On lui a aussi demandé s'il n'était pas un brin lassé de toujours retourner dans la
même ville, s'il ne voulait pas essayer de changer. Pour l'instant, il n'en est
visiblement pas question. "Je n'en ai jamais marre d'y retourner. Cet été, je n'avais
qu'une envie, c'était d'y aller. Je n'y habiterais pas à l'année mais dès que j'y suis,
j'en ai envie. Peut-être que je vais sauter le pas un jour, quand mon fils sera plus
grand". Dernièrement, cela dit, il a ouvert un troisième blog centré sur ses autres
voyages, histoire de varier un peu les plaisirs. Il y parle notamment du Japon, de la
Grèce ou encore de la Réunion, preuve que le goût du voyage ne l'a jamais vraiment
quitté, même s'il en a fait son gagne-pain. Son succès, Alex l'a fondé sans aucun
financement public : vingt euros par an, soit le prix de l'hébergeur, voilà tout ce que
son concept lui a coûté. L'idée d'une levée de fond, très peu pour lui. "Je n'ai pas fait
de prêt personnel pour me financer. Des fois, je me pose des questions pour faire
une levée de fond et agrandir un peu le truc, mais finalement je me rends compte
que ça marche tellement bien comme ça que ce n'est pas forcément nécessaire.
C'est aussi un point fort".
Pour se maintenir en forme (sur place, il fait environ vingt kilomètres par jour à
chaque séjour d'une semaine environ), Alex s'est mis à la marche rapide sur un tapis
de course.
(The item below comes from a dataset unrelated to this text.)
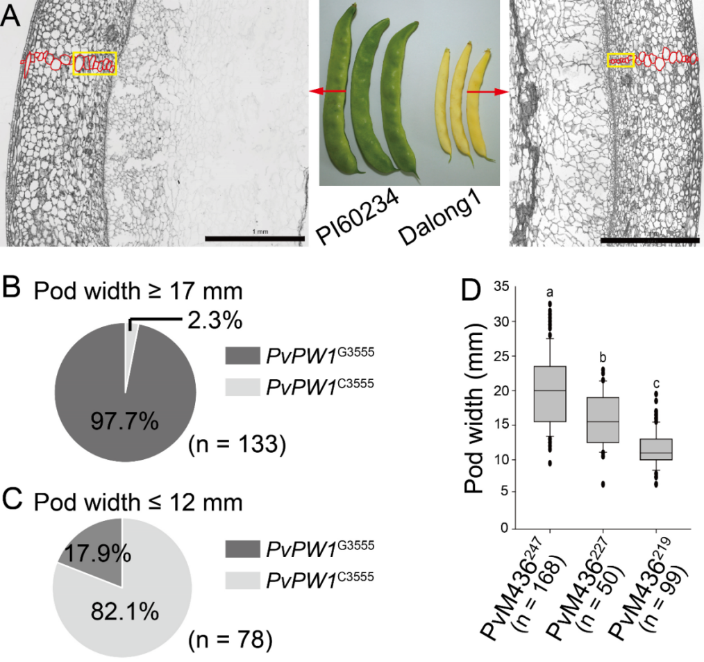 东北地理所研究团队以窄豆荚表型的菜豆品种大龙1号(豆荚宽度12 mm)为母本、宽豆荚表型的菜豆品种PI60234(豆荚宽度21 mm)为父本(图A),通过传统的图位克隆技术,完成了PvPW1基因的精细定位,进一步利用17组双亲遗传群体对PvPW1基因调控豆荚宽度的功能进行验证。研究发现,133个宽豆荚菜豆品系中97.7%为PvPW1G3555单倍型(图B),78个窄豆荚品系中82.1%为PvPW1C3555单倍型(图C),说明PvPW1G3555单倍型正调控菜豆豆荚宽度,且PvPW1基因已在菜豆的人工选择育种中受到选择。59个菜豆品种的重测序结果显示PvPW1基因内含子中8-bp的插入与PvPW1G3555单倍型相关联。基于此,该研究开发了可用于分子辅助育种的InDel分子标记PvM436。对317个菜豆品系进行基因分型的结果显示,PvM436247和PvM436227基因型个体的豆荚宽度大于PvM436219基因型个体(图D)。该研究克隆了控制菜豆豆荚宽度的主效基因PvPW1,基于该基因的多态性开发了可用于分子辅助育种的PvM436分子标记,对于利用分子辅助手段进行菜豆豆荚形态的定向改良提供理论基础和实践指导。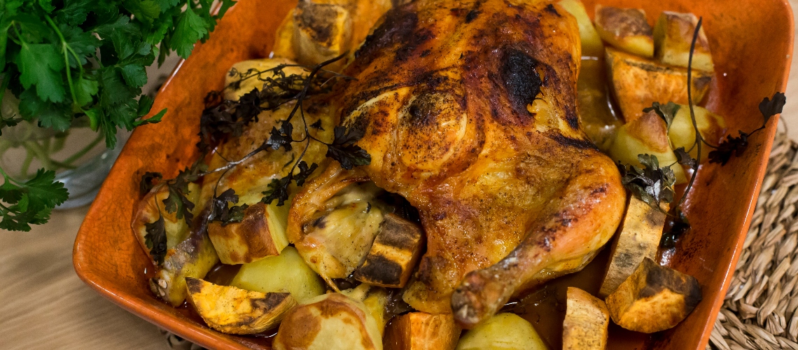 A csirkét kívülről és belülről alaposan ízesítsük sóval, borssal és paprikával, a zöldségeket pedig vágjuk nagyobb darabokra. Melegítsük elő a sütőt 200 fokra. A csirke bőre alá vajat, citromszeleteket nyomunk, fehérbort öntünk alá, 1 órán át sütjük, majd hozzáadjuk a burgonyát és az édesburgonyát. Süssük további 40 percig, amíg aranyszínű nem lesz, és amíg a burgonya meg nem puhul.

Il compte retourner à New York dans un mois, pour le concours, donc,
mais aussi pour faire de nouveaux repérages. Après tous ces allers retours dans
cette ville qui est devenue son job, on se dit forcément qu'Alex a tout vu, tout vécu,
emmené tout le monde à New York. On se trompe encore. "Ma mère rêve d'y aller
depuis longtemps, elle n'y a toujours pas mis les pieds". Cela ne fera jamais qu'une
occasion de plus pour lui d'y retourner.